* **Work order**
Give back the lines below exactly, but do not include any pictures.
───── Data section
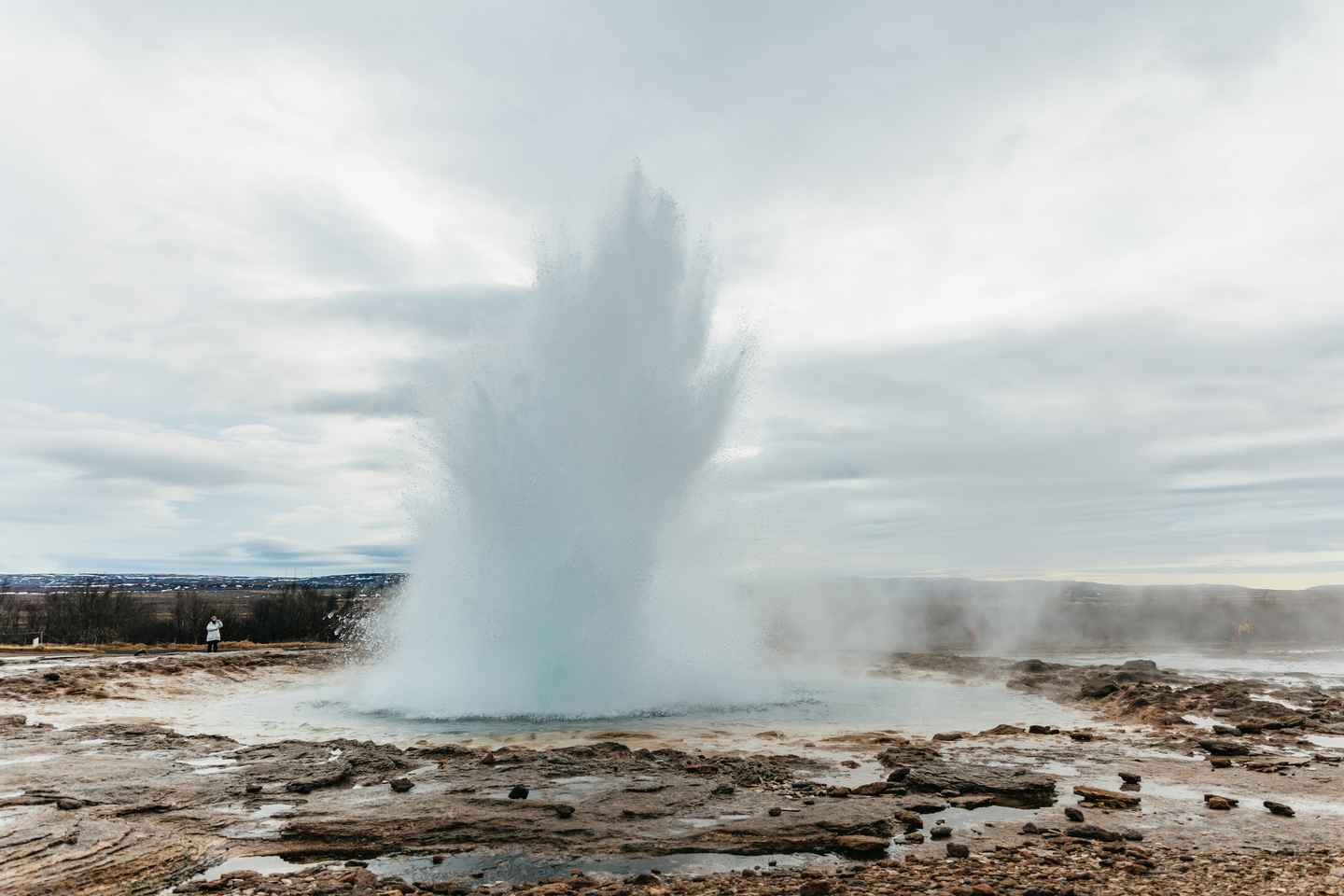 Next, witness the raw power of nature at Geysir Hot Springs. Feel the earth tremble as Strokkur geyser erupts every few minutes, sending steaming water high into the sky. Continue to Gullfoss Waterfall, where the glacial Hvítá River plunges into a rugged canyon, creating a breathtaking spectacle.
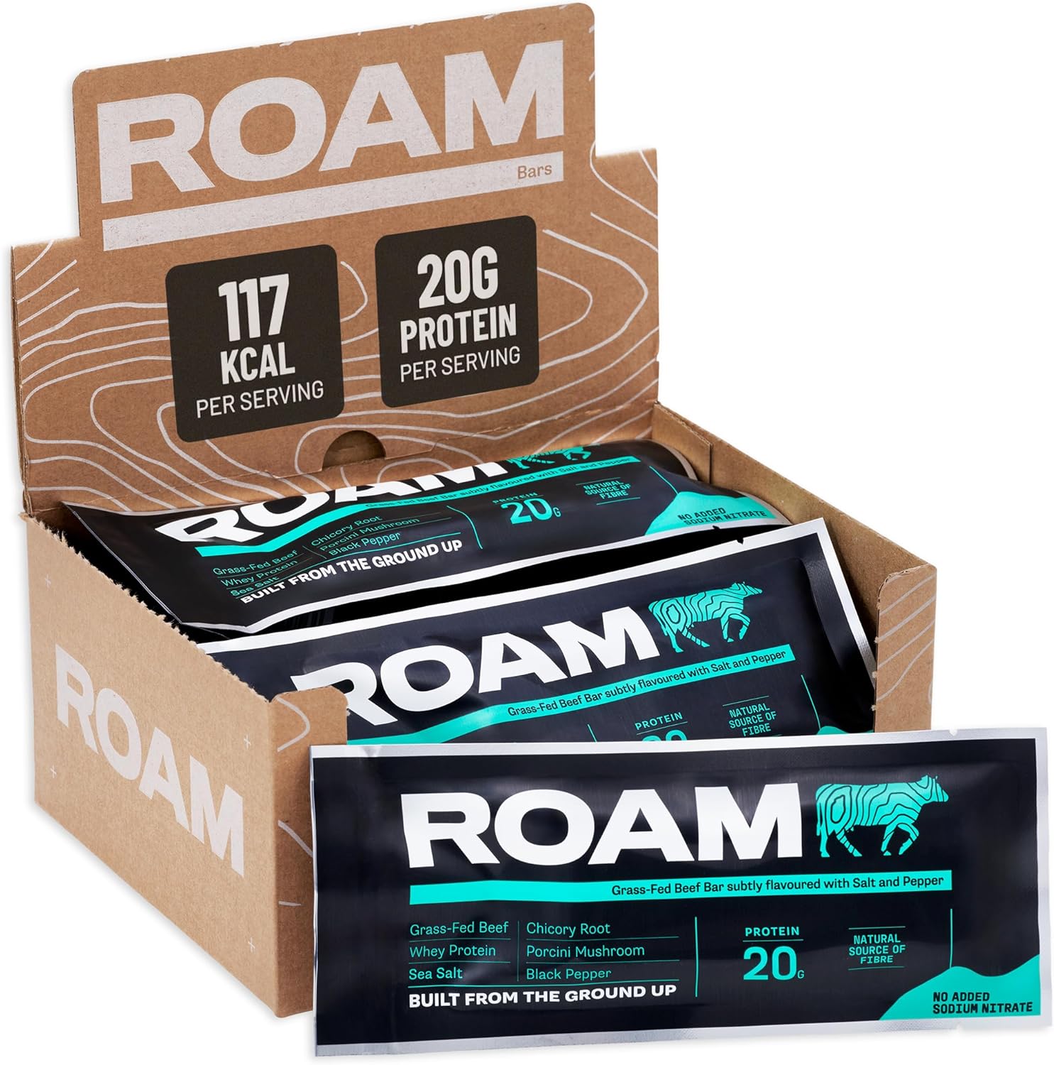 Grass-fed beef bar flavoured with sea-salt, pepper & porcini mushroom. Zero preservatives & more protein per calorie than any bar. Real protein anywhere, anytime
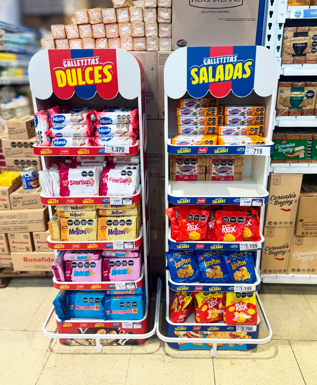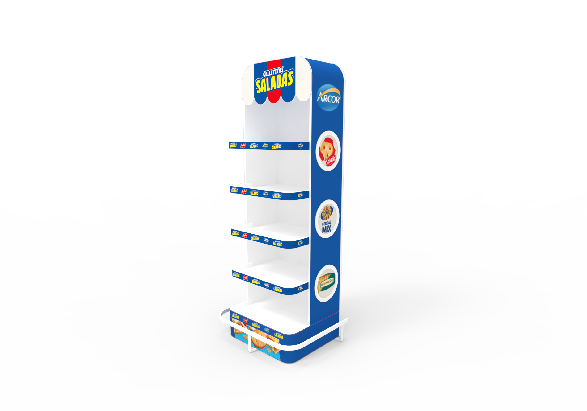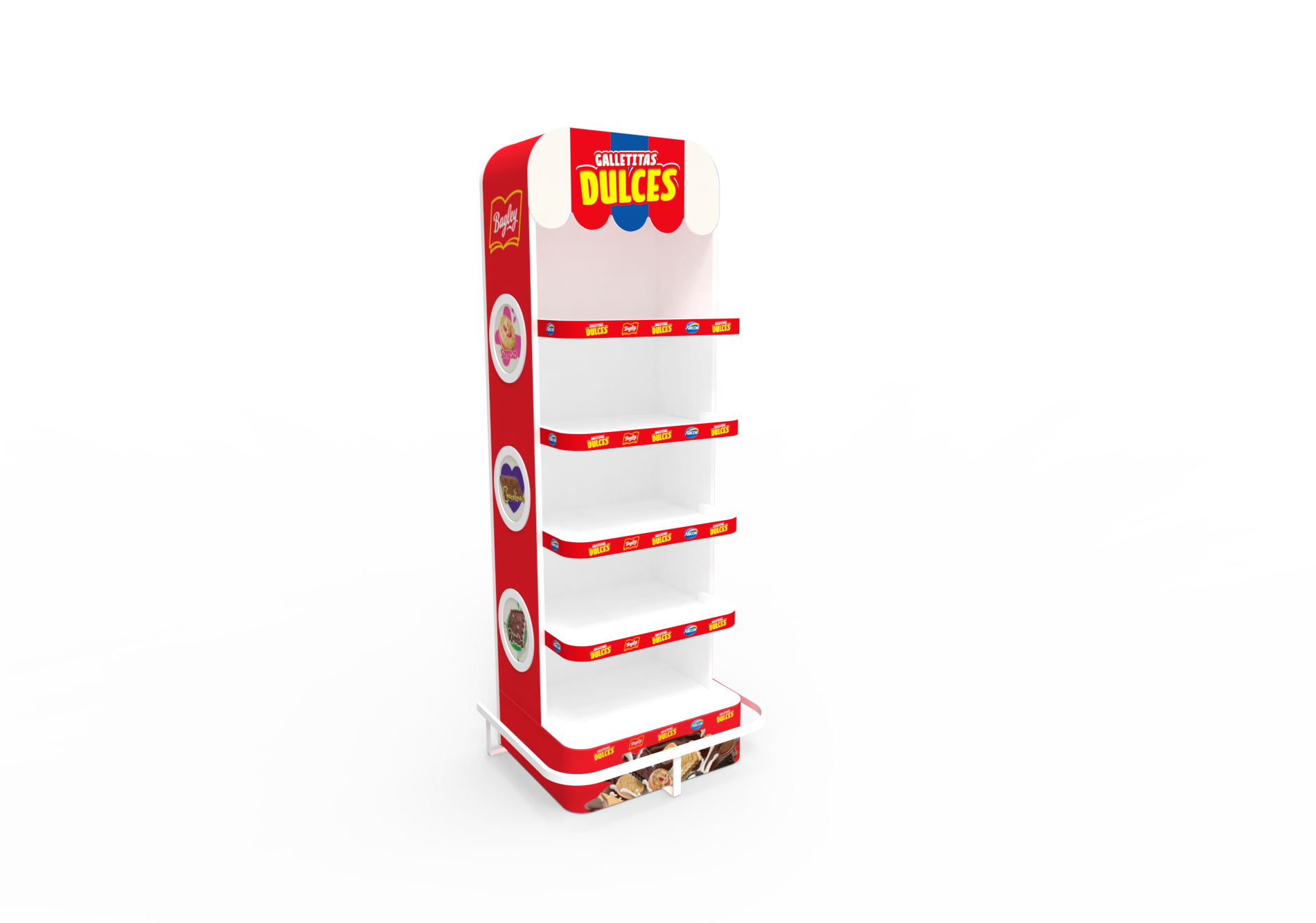 Este exhibidor de pie institucional para galletas dulces y saladas de Grupo Arcor está inspirado en la estética de un pequeño kiosco con toldo, pensado para atraer miradas y ordenar el surtido con claridad entre galletitas saladas y dulces.
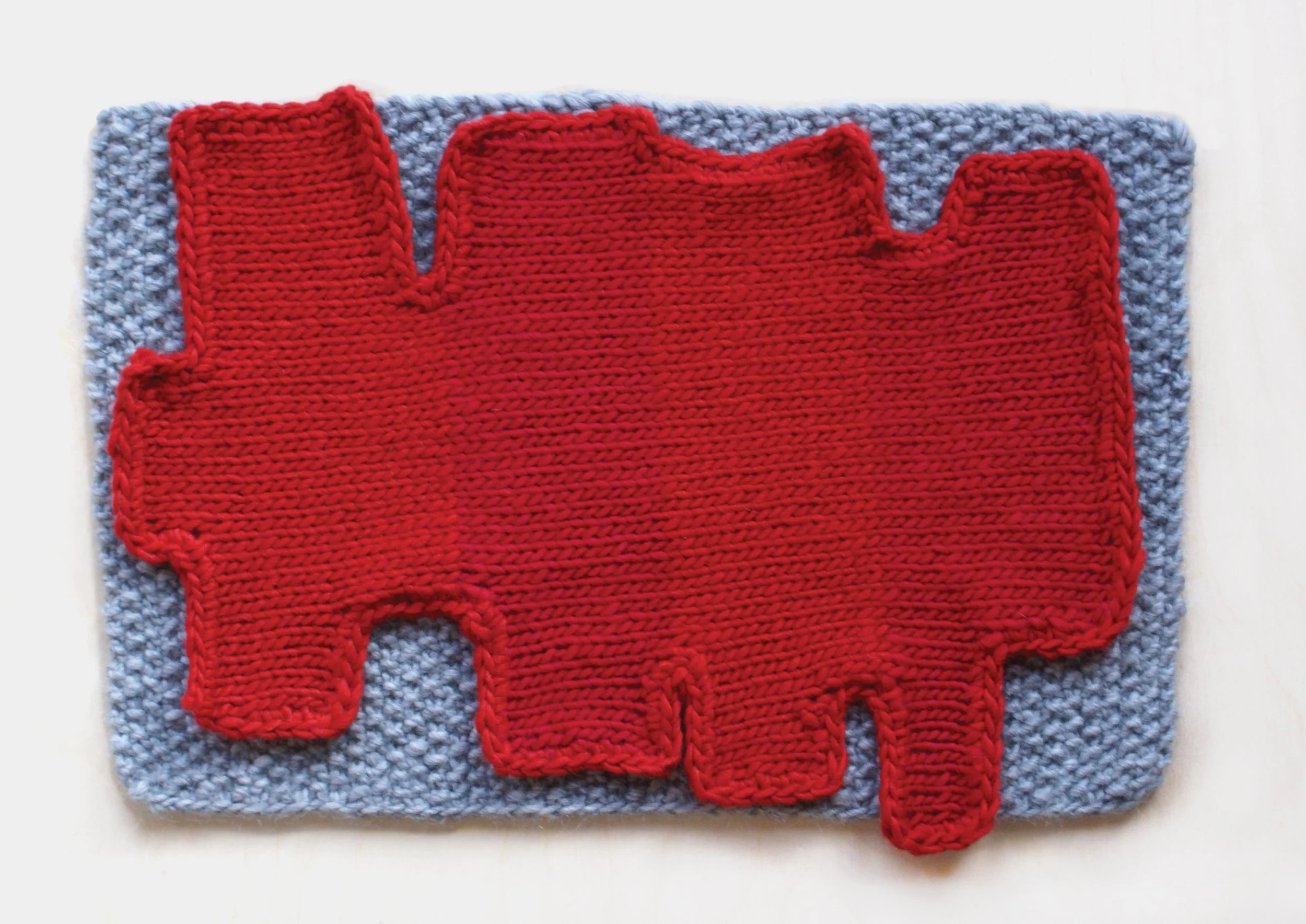 Based on a drawing made from nature—the bough of a flowering plant, for instance—Gelardi will then put it through its paces, filtering the drawing through various media and production processes to “play out in a visual way,” as she puts it, a model for both aesthetic discovery and a leaner, more efficient use of limited resources. The outcomes of this process--which can be as various as a knitted, 3D “print” (in which she employs a professional knitter to create limited edition artworks, synthesizing and reassigning accepted notions of piece work and traditional printmaking); a large-scale collage of photocopies made on a surface comprised of recycled cereal boxes and other chipboard containers; or appliqués hand-stitched on raw linen (to test the use of this venerable cloth as both a “craft” medium and a “fine art” medium, and to tweak the noses of those who remain hidebound to either camp)—are as delightful to look at as they are inspiring examples of smart, creative ways of seeing production practices evolve in response to our current needs.
──────────
* **Problem solution**
 Next, witness the raw power of nature at Geysir Hot Springs. Feel the earth tremble as Strokkur geyser erupts every few minutes, sending steaming water high into the sky. Continue to Gullfoss Waterfall, where the glacial Hvítá River plunges into a rugged canyon, creating a breathtaking spectacle.
 Grass-fed beef bar flavoured with sea-salt, pepper & porcini mushroom. Zero preservatives & more protein per calorie than any bar. Real protein anywhere, anytime
 Este exhibidor de pie institucional para galletas dulces y saladas de Grupo Arcor está inspirado en la estética de un pequeño kiosco con toldo, pensado para atraer miradas y ordenar el surtido con claridad entre galletitas saladas y dulces.
 Based on a drawing made from nature—the bough of a flowering plant, for instance—Gelardi will then put it through its paces, filtering the drawing through various media and production processes to “play out in a visual way,” as she puts it, a model for both aesthetic discovery and a leaner, more efficient use of limited resources. The outcomes of this process--which can be as various as a knitted, 3D “print” (in which she employs a professional knitter to create limited edition artworks, synthesizing and reassigning accepted notions of piece work and traditional printmaking); a large-scale collage of photocopies made on a surface comprised of recycled cereal boxes and other chipboard containers; or appliqués hand-stitched on raw linen (to test the use of this venerable cloth as both a “craft” medium and a “fine art” medium, and to tweak the noses of those who remain hidebound to either camp)—are as delightful to look at as they are inspiring examples of smart, creative ways of seeing production practices evolve in response to our current needs.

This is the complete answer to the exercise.